Fine-tuning stream locality - In our example, setting the ‘Container’ locality for the generate_dimension stream (between the InputReceiver and the GenerateDimensions operators) gave much better performance than setting other localities. Similarly, setting the ‘Thread’ locality for the prereq_calculation stream improved the throughput. Combined, it achieved a performance boost of about 20%.
Minimizing the operator’s snapshot size - In cases where there is no requirement to carry the internal operator state between the application windows (in our case configured to 10 second – 10 streaming windows of 1,000 milliseconds each), it would be wise to clear the internal state upon receiving an internal endWindow event. Specifically in our example, Map object is used to store the Key -> (sum, count) pair for each window inside the PrereqAverage operator. Promptly clearing the accumulated state prevented writing unnecessary data during check-pointing to HDFS, which would have negatively impacted performance.

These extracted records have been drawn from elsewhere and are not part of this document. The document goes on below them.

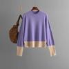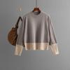 Jesień Zima Vintage Luźny Długi Rękaw Top Blokowy Kolor Sweter Dzianinowy Sweter Z Okrągłym Dekoltem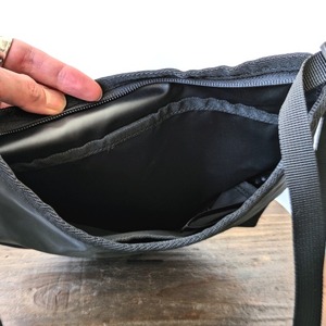 内側には仕切りポケットを備え、小物類を整理して収納することが可能。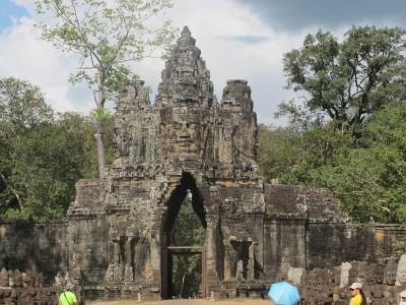 Giriş kapısının önünde dizilmiş Tanrı heykellerinin şehri asırlardır kötü ruhlardan koruduğuna inanılıyor. Buradaki en önemli yapı, kuleleri devasa Buda yüzleriyle kaplı olan Bayon Tapınağı. Üç katlı lotus çiçeği goncası şeklinde yapılmış kule ve iki yüzün üstünde gülümseyen, aydınlanmış Buda yüzlerinin enerjisi ile buraya gelen her kişinin aradığı huzuru bulabileceği söyleniyor.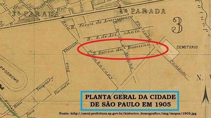 Na Planta Geral da Cidade de São Paulo em 1905 a Rua Serra da Bocaina já figurava com a exata extensão que tem hoje. Note que inicia na Rua Cambaropy (atual Siqueira Bueno) e termina na Rua Phelippe Camarão (atual Av. Álvaro Ramos). Se Serra da Bocaina chegou até nossos dias, não deveria ser respeitado e preservado?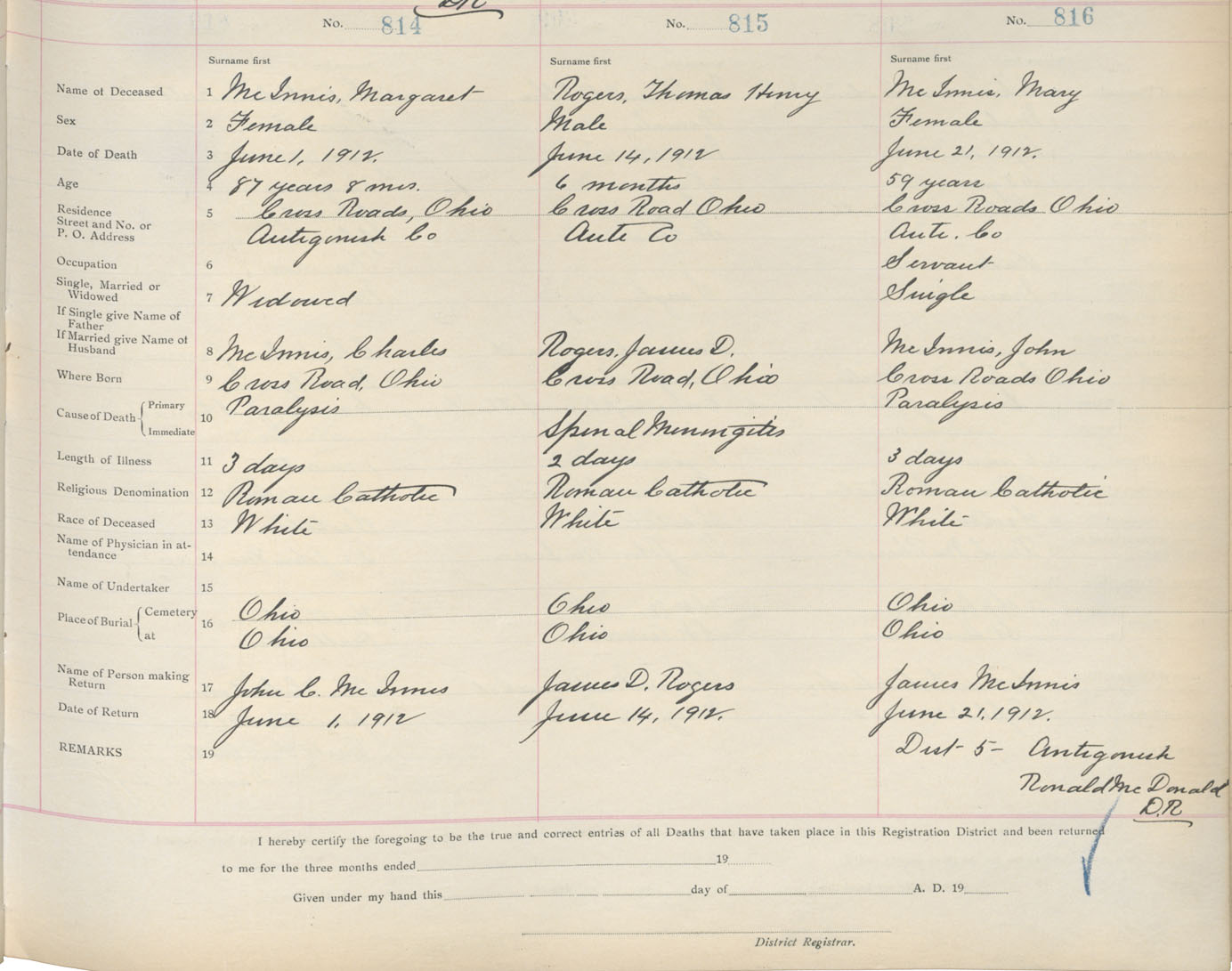 Death Registration: Year: 1912 book: 2 page: 136 number: 814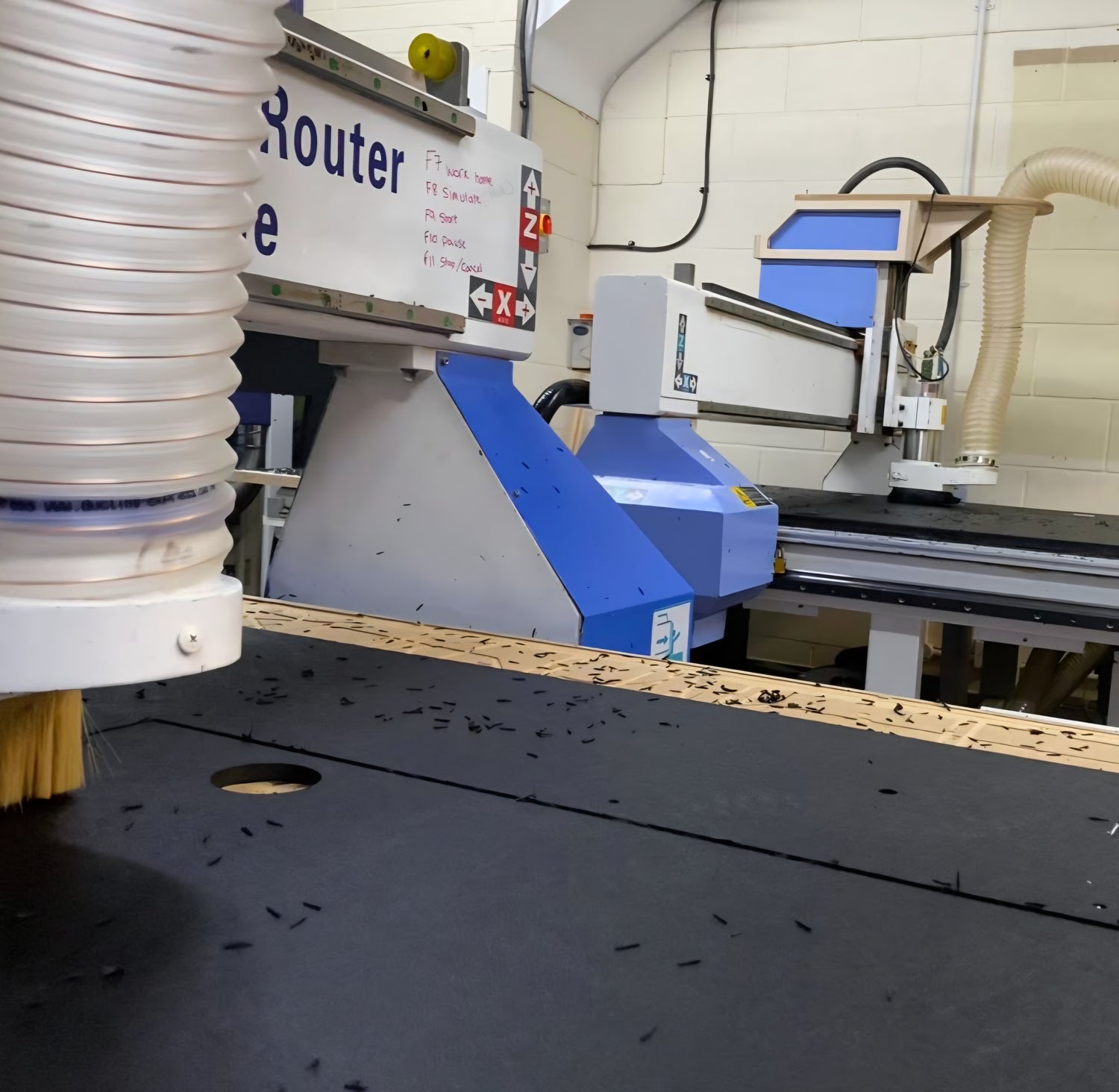 We run multiple CNC routers to ensure we have the capacity and redundancy to meet production deadlines. Our largest machine features a 13ft x 5ft work area, allowing us to handle oversized bespoke projects and long-length components that exceed standard dimensions. Our second machine is dedicated to 8ft x 4ft sheet work, giving us a versatile setup for both one-off builds and repeat production runs.

Splitting the load using Cascading Unifier - DataTorrent automatically creates new instances of some operators when the load increases. However, in some situations, the specific configuration for certain use cases would yield improved performance. In our case, one of the bottlenecks identified was the calculation of average values over the very large data set. DataTorrent provides efficient tools, like Cascading Unifier, to deal with such problems in the typical Hadoop way of “divide and conquer.”
In our example, we divided the calculation into two different operators – PrereqAverage and Average. The first operator, PrereqAverage, is configured to use a parallel partition, as described above, while Average is configured to use a single instance. The DataTorrent platform recognizes such flows and automatically inserts built-in Unifier between upstream and downstream operators to transform multiple input streams into one output stream. By default, the Unifier has a “pass-through” behavior, which is sufficient in most cases, but created a bottleneck in this case due to high fan-in. To overcome this, we used a custom Cascading Unifier (which calculates the partial sum for the dimension keys and helps to split the load) by handling the configurable number of input streams from PrereqAverage using the UNIFIER_COUNT attribute. We have set this attribute to 8. The platform automatically inserts several layers of physical Cascading Unifier instances, each layer having 8 times less physical instances than the previous one. For example, when we had 256 input Operators, the platform added the layer of 32 instances, and then another layer of 4 instances, followed by one more layer of 1 instance, which provided the input to Average Operator.
We tested the application by feeding it increasing data loads, making sure the application processes the sustained stream of events at a given speed without memory leaks and without ever losing any data. As loads increased, the DataTorrent platform automatically added additional containers to effectively handle it. The number of physical operators increased from less than 10 to more than thousand at maximum speed, running 460 containers. The platform performance scaled linearly, effectively distributing the increasing load between newly allocated hardware resources.